– Jestem absolutnie przekonany, że Polska, kraj o bardzo dużej produkcji jabłek pozostanie znaczącym graczem na tym rynku – zakomunikował minister rolnictwa i rozwoju wsi Jan Krzysztof Ardanowski w czasie konferencji pod hasłem: „Polskie jabłka i cydr – nowe wyzwanie”.
– Każda z tych dróg powinna być wykorzystana, a dołożyłbym do tego także produkcję wysokoprocentowego alkoholu typu calvados – zaznaczył minister.
Poinformował również, że produkujemy i stale dążymy do tego by wytwarzać wyroby najwyższej jakości.
Odnosi się to także do cydru.
– Jakość naszego cydru jest zdecydowanie wyższa, choćby ze względu na obowiązujące u nas normy – podsumował.
Minister zwrócił uwagę jak istotna jest zmiana opodatkowania tego typu produktów oraz umożliwienie zalegalizowania produkcji tradycyjnych okowit i nalewek w gospodarstwach, tak jak to zreszta ma miejsce w wielu krajach europejskich.
– Teraz jest dobry czas na rozwiązywanie trudnych problemów. Powinniśmy przeprowadzić poważną dyskusję o tym, jak powinien wyglądać w Polsce rynek alkoholi niskoprocentowych, na którym cydr powinien mieć bardzo poważną pozycję – zaznaczył minister Ardanowski.
W wydarzeniu uczestniczyła m.in. Sara Grady z Glynwwood Cider Project – specjalistka amerykańska i europejska w sferze rozwoju produkcji cydru.

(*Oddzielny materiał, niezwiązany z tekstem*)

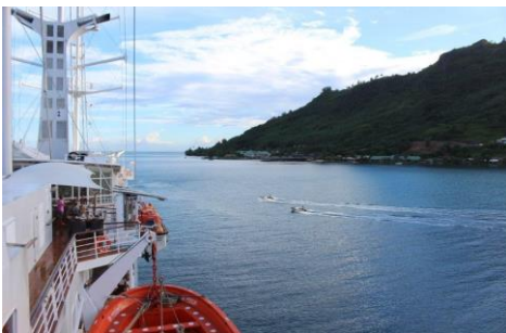
At anchor in the Moorea Lagoon

Images by: Gerard Murphy - Bon Voyage Cruises & Travel - on board Wind Spirit - January 2016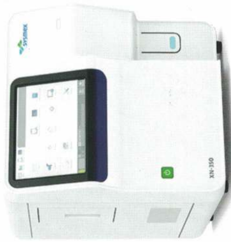
Sysmex XN-330 6 Part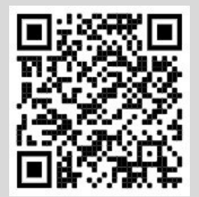
QR code to give via credit card now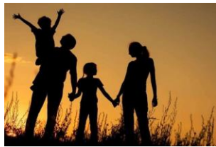
The Summary of the Post-Synodal Apostolic Exhortation Amoris Laetitia (The Joy of Love) by Pope Francis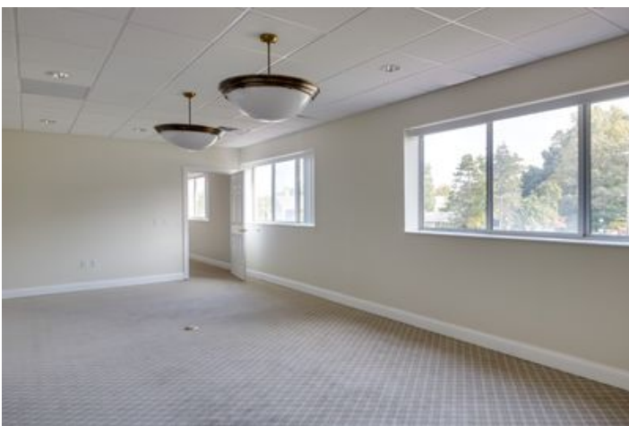
0209200 Taylorsville Rd-FULL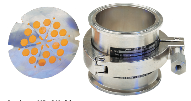
Sanitary VB-C Holder

The P/AVB-ST disk is an inverted form of the type AVB-ST disk and satisfies the medium range of overpressure and vacuum relief requirements that cannot be met by the P/VKB disk. Temperature range minimum -40°F (-40°C), maximum 400°F (204°C). Other sizes and material available on request. The construction of the disk may not be suitable for all sanitary applications; consult BS&B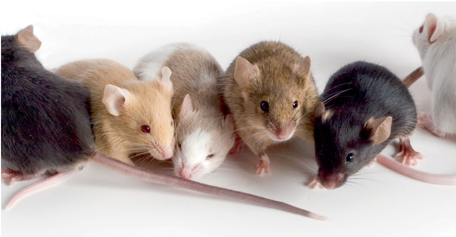
The Jackson Laboratory is working to diversify current mouse models to make them better represent variability between people. These mice could help to model the puzzling diversity of long-COVID symptoms.

eQTL analysis on a number of different tissue types.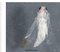
[Dorsal] Typhlocyba BIN URI: BOLD:ACJ7184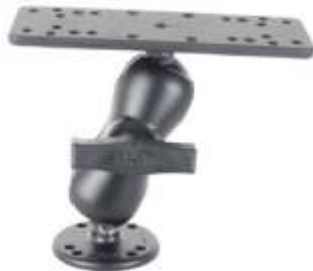
RAM-111U-B RAM MOUNT WITH 1.5" BALLS B LENGTH ARM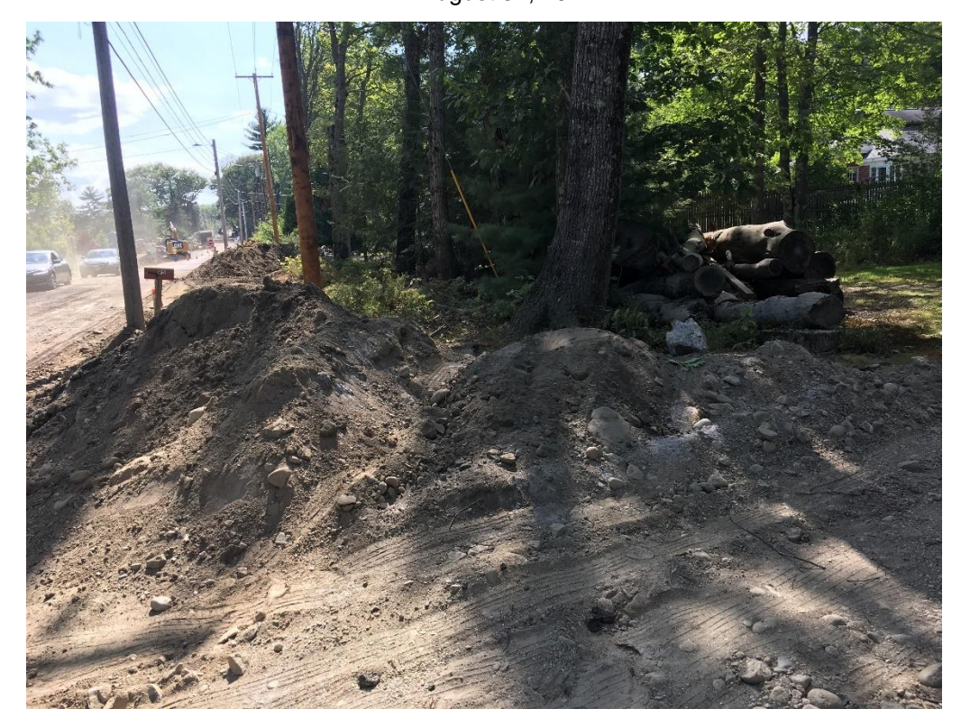
Location where southbound vehicle went off the west side of the road in front of 88 Middle Road as viewed from the north looking south. Pole #315 in background. Note tire marks on each side of mound in front of tree.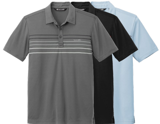
TRAVISMATHEW Coto Performance Chest Stripe Polo TM1MY400 Adult Sizes: S-3XL | 3 colors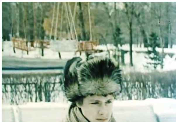
Figure 40: Please, Blame

The discovery of the discrepancy between what young Soviets learn both at school, from textbooks and socialist doctrines, and from their parents’ actions and lifestyles is revealed in the cinematic study of the teenagers’ reaction to their families’ “shallow” values in Please, Blame .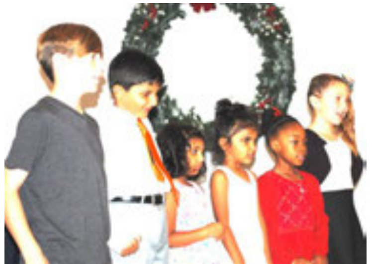
Some of our Sunday school kids singing.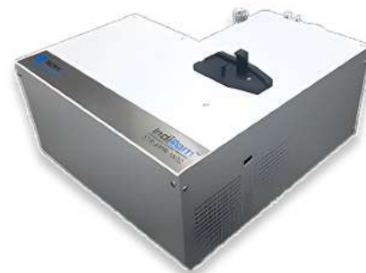
IndiRAM™ CTR- Mini Series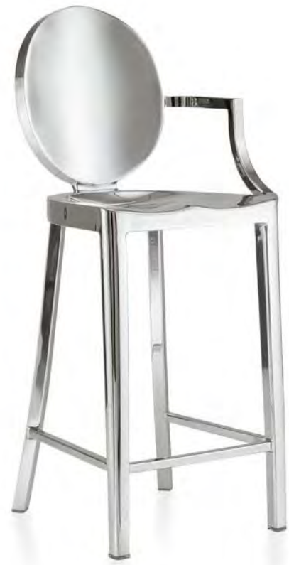
Kong by Philippe Starck, 2003 80% recycled aluminum. Made-to-order.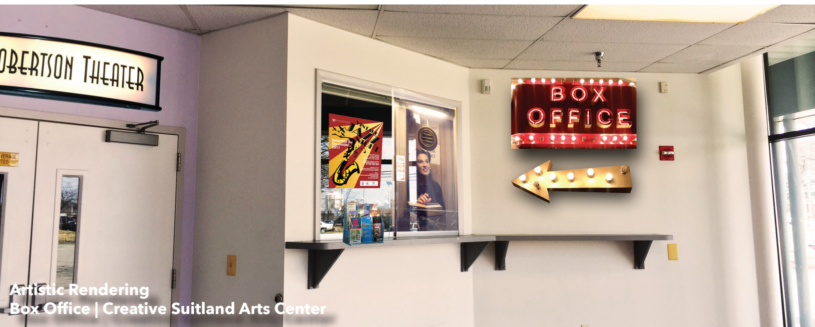
Artistic Rendering Box Office | Creative Suitland Arts Center

The county has a need for new teaching artists to meet the demands for quality arts education programs for youth and adults. A professional development institute could be created within CreativeWorks for arts educators and working with Suitland CVPA students. Exposure to the field would enhance young artists ability to stay within arts related work, sustain their craft, network, and support their vision as a working artist.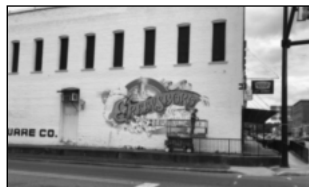
A wider view while still a work in progress - to show the mural's location.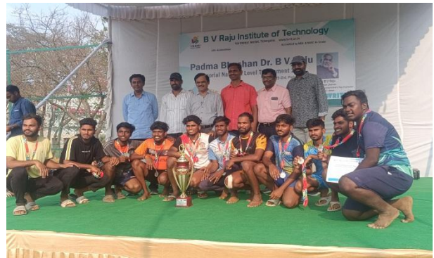
Volleyball(M) Runner's Feb'24 Dr.BVRIT National Level Sports Fest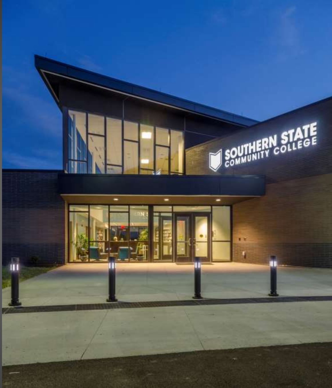
Brown County Campus - Southern State Community College | BHDP Architecture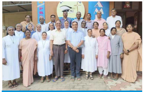
Silver Jubilarians: Oct 2023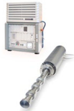
ultrasonic industry processors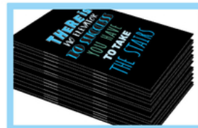
Strong and delicate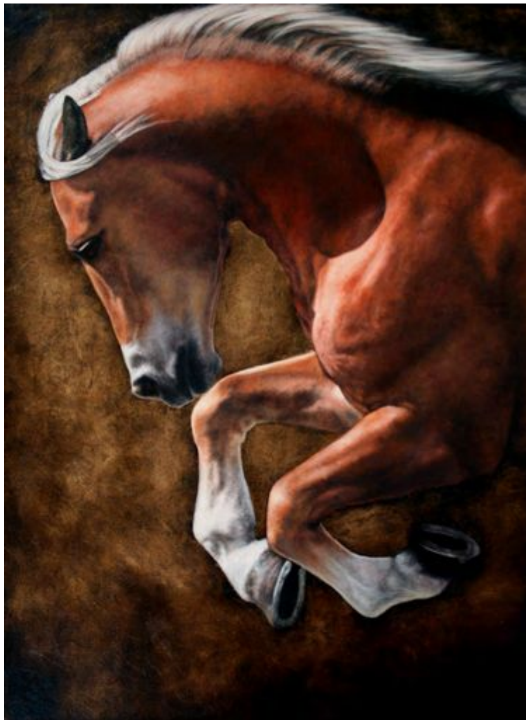
Leaving Eden: Exodus oil and gold leaf on canvas 48" x 36"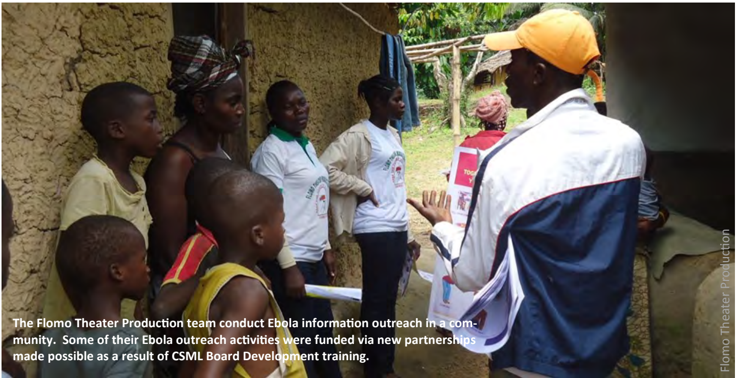
The Flomo Theater Production team conduct Ebola information outreach in a community. Some of their Ebola outreach activities were funded via new partnerships made possible as a result of CSML Board Development training.

included information on the purpose of a board and best practices for identifying and recruiting board members and developing board job descriptions. The document included specific sections for CSOs and CRSs.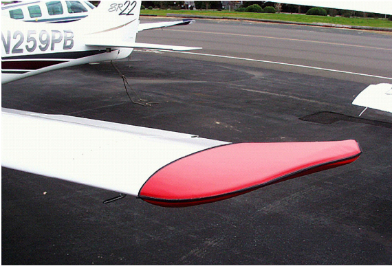
Cirrus SR-22 Wingtip Pad (also available for the Horiz. Stab.)

Designed to prevent damage to the aircraft extremities in crowded hangars, these products are made of bright red Naugahyde and thickly padded with a sandwich of closed cell foam.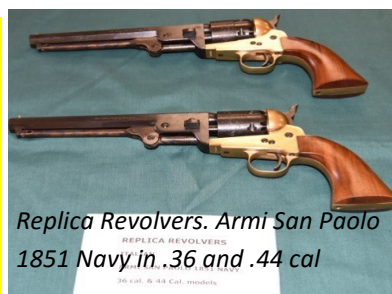
Replica Revolvers. Armi San Paolo 1851 Navy in .36 and .44 cal

Excellent turnout. Over 45 members. 26 displays. Brilliant! Theme of Cadets and Junior Forces saw some interesting items. R and S letters as the letter theme.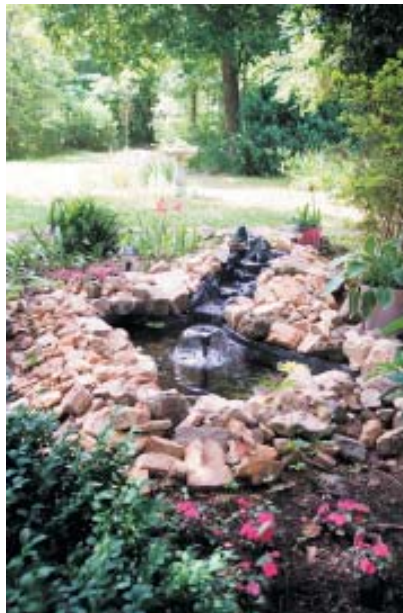
THE PICTURE DOES NOT DO JUSTICE TO THE LITTLE LILY POND. ALL THE ROCKS ACTUALLY CAME OUT OF THE HOLE.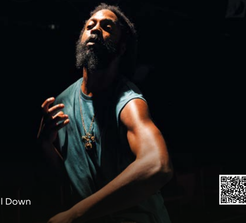
We All Fall Down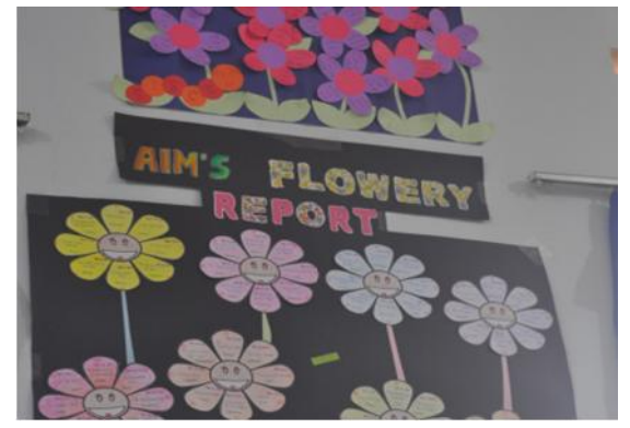
Figure 3 Catterpillar

for the 2nd question, 37 re-sponses for the 3rd question, 45 responses for the 4th question, and 42 responses for the 5th question. Afterwards, the research-er read carefully each response within the groups to identify the keywords used in each response, and the coding was done based on the keyword. After the classifi-cation, the researcher counted the number of the similar coded responses to obtain the percentages.

Sara Grady położyła nacisk na zmiany jakie zaszły w tym zakresie na rynku amerykańskim w przeciągu ostatniej dekady.
Podkreśliła, że cydr był w USA bardzo popularnym trunkiem przed słynną prohibicją, natomiast od tamtego czasu napój ten został zapomniany i sprowadzony do roli podrzędnego napitku.
Sara Grady wspólnie z Karlem duHoffmannem z Nowojorskiego Stowarzyszenia Cydru w zaledwie kilka lat zmienili status cydru w USA, z napoju zapomnianego do trunku spożywanego dziś przez elity, celebrytów.
Amerykańska ekspertka podkreśliła jak ważne było stworzenie wartościowego produktu, którego powstanie oczywiście wiązało się z większym nakładem pracy. Niezbędne było m.in. wymienienie doświadczeń z producentami z Francji. Wypracowane zostały nowe modele rynku cydru.
– Poprzez wymianę doświadczeń i wspólne wyjazdy zaczęła się tworzyć społeczność producentów cydru w USA, co się stało jedną z podstaw budowy programu rozwoju produkcji cydru – poinformowała Sara Grady.
Kolejnym elementem była selekcja odpowiednich odmian jabłek do produkcji cydru oraz zintensyfikowanie ich produkcji. Nie zapomniano także o stworzenia właściwej kampanii skierowanej do potencjalnych konsumentów. Ponadto, w ramach projektu zorganizowane zostały specjalne spotkania, w którym udział wzięli producenci, właściciele lokali i restauracji.
– Dziś „Tydzień cydru w Nowym Yorku” jest imprezą cykliczną, coroczną – podkreśliła amerykańska ekspertka.
Szeroka kampania pozwoliła propagować wiedzę na temat cydru wśród konsumentów jak i władz. Powstała również organizacja producentów cydru, co umożliwiło im podejmowanie decyzji legislacyjnych.
Wszystkie te działania skutkowały 10-cio krotnym wzrostem produkcji cydru w Stanach Zjednoczonych, który cieszy się zasłużonym uznaniem amerykańskich konsumentów, jako produkt wysokiej klasy.